How does one know that she/he is a racist?
🔹 1. Scientific Perspective
a) Psychology
Prejudice: If a person begins to attribute the same characteristics to all members of a group (e.g., “People of race X are lazy”), this may be a sign of conscious or unconscious racism.
Cognitive biases: The human brain is predisposed to distinguish between “us” and “them.” Evolutionarily, this is a “tribal preservation” mechanism. However, in modern society, it translates into discrimination.
Indirect tests: In psychology, methods such as the Implicit Association Test (IAT) measure whether a person unconsciously harbors negative associations toward certain groups.
b) Sociology
Power relations: Racism is not only individual prejudice; it is also systemic inequality. If a person consistently views a race or ethnic group as “inferior,” this is also social racism.
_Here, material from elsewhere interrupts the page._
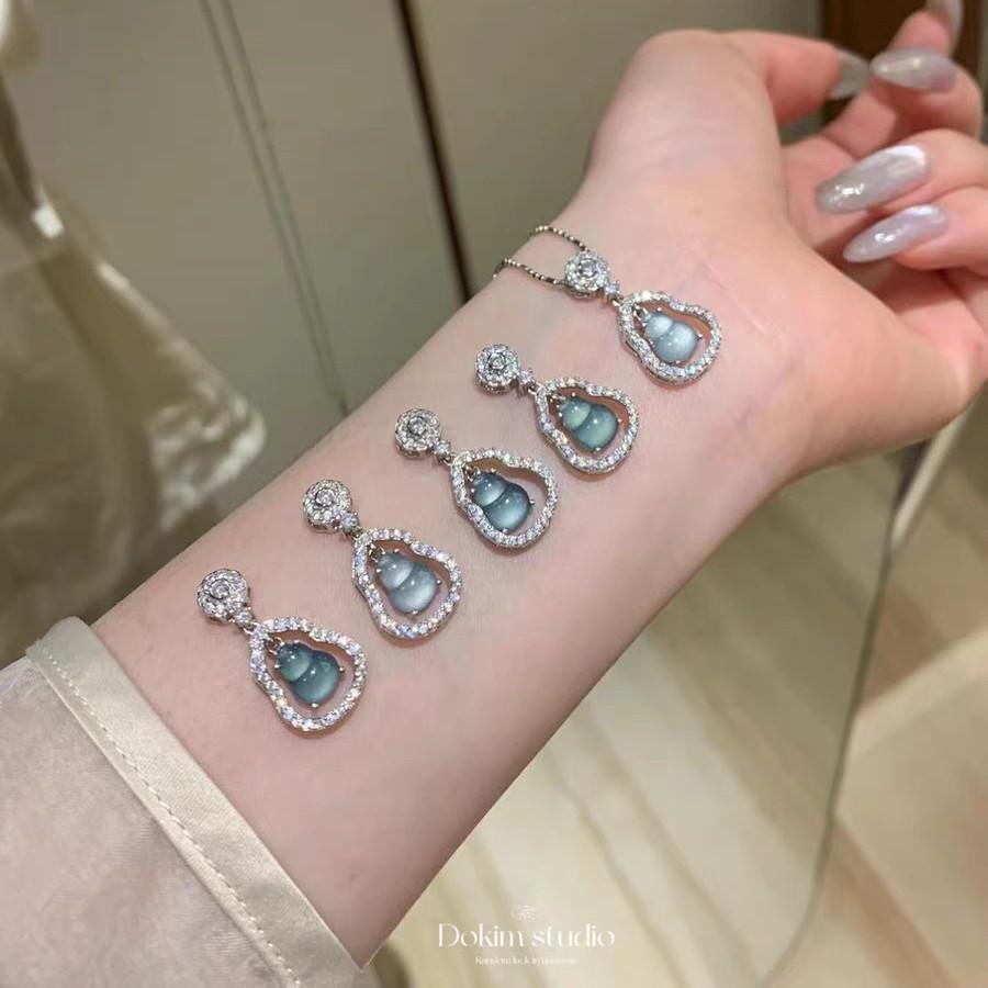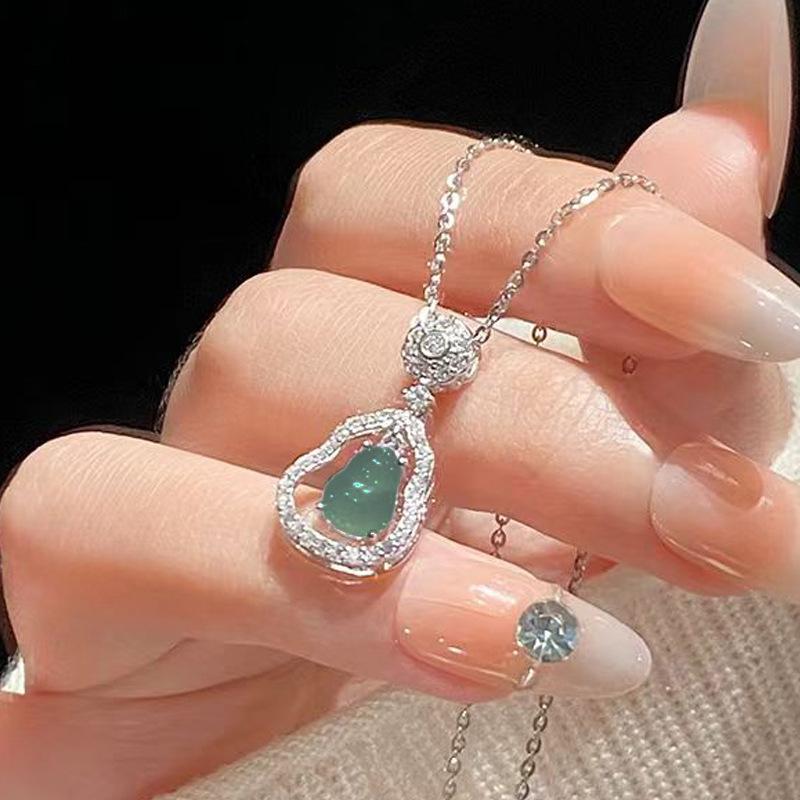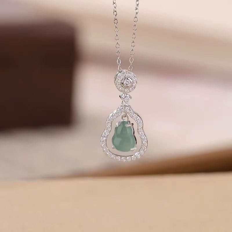 Collar de Calabaza de Jade Azul Agua Peligrosa Natural S925 Concha Plateada para Mujer Nuevo Estilo Chino Colgante de Alta Gama Cadena para Clavícula

Language analysis: Someone who constantly uses categorical, generalizing, and exclusionary terms like “not one of us,” “others,” “blood of bad blood,” and “unclean” in their speech has traces of racism in their mindset.
c) Neuroscience
Research shows that when people see faces of different ethnicities, there is increased activation in the amygdala region of the brain (associated with the perception of danger). This may be a biological reflex, but a person can overcome this with conscious awareness and ethical training.
The perpetuation of racism occurs when these “primitive reactions” are unquestioningly reinforced by cultural beliefs.
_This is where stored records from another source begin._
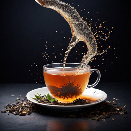Tea being poured elegantly from a teapot into a glass cup, creating gentle ripples in the liquid.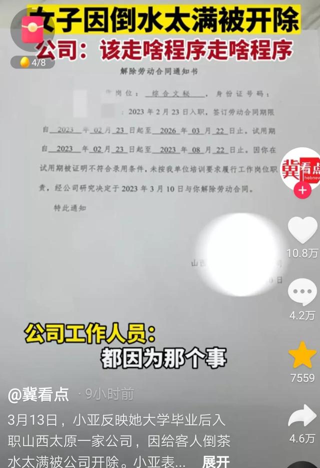 3月13日,山西太原某教育公司,尚在实习期的综合文秘小亚给客人倒了一杯水,公司认为水倒的太满,引起客人不悦,于是通知她解除劳动合同,出具了正式的解除劳动合同通知书。且给出了解除原因,因其在试用期间被证明不符合录用条件。小亚自觉委屈,申辩说水离着杯口有一两厘米,绝对没有溢出来。她决定申请劳动仲裁,维护自身合法权益。截止目前,当地人社还没有发声。(本文信息内容及文所附图片来源于:冀看点,是河北日报河北新闻网官号。)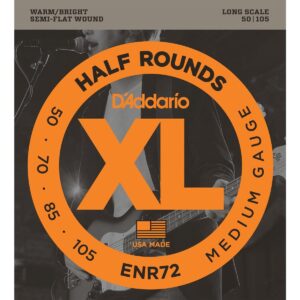 Juego de cuerdas para bajo de 4 cuerdas, tensión media, calibre 50-105, escala larga, proceso exclusivo de fabricación ”Half Round” (semicircular), apto para bajos de escala larga con una longitud de escala de la cuerda de hasta 36 1/4” pulgadas, paquete ecológico y resistente a la corrosión para conservar la frescura de las cuerdas.

🔹 2. Philosophical Perspective
a) Ethical Perspective
Universalism (Kantian ethics): Racism violates universal moral law because it views people as “means” rather than “ends.” If you evaluate people based on their race, you are dehumanizing them.
The Truth of the Other (Levinas): The most important test for understanding whether you are a racist is your ability to look the “other” in the face. If, when you encounter someone different, you see in them not a human being but a threat or a stereotype, you are stuck with racist thinking.
b) Existential Approach
According to Sartre, racism is essentially a way of projecting one’s own existential anxiety onto another. A racist person devalues the “other” to cover up their own shortcomings. Therefore, the way to understand whether you are a racist is to examine whether you constantly tend to “blame the other” in the questions you ask yourself.
c) Epistemologically
A racist person is flawed in their way of “knowing.” They see people not as individuals, but as “carriers of group characteristics.” In other words, a person can identify their own racism when they realize that their categorical thinking has gone too far.
🔹 3. Questions for Self-Testing
A person can discover whether they are prone to racism by honestly answering these questions:
When I encounter someone of a different ethnic background, do I first see the “individual” or the “group label”?
Do I attribute the same characteristics to all members of a group?
Do I believe that those who are “not like us” deserve less when it comes to power, opportunities, and rights?
Do I constantly use exclusionary generalizations in my language?
Do I experience automatic feelings like fear, disgust, or disdain toward someone who is different? Do I question these feelings?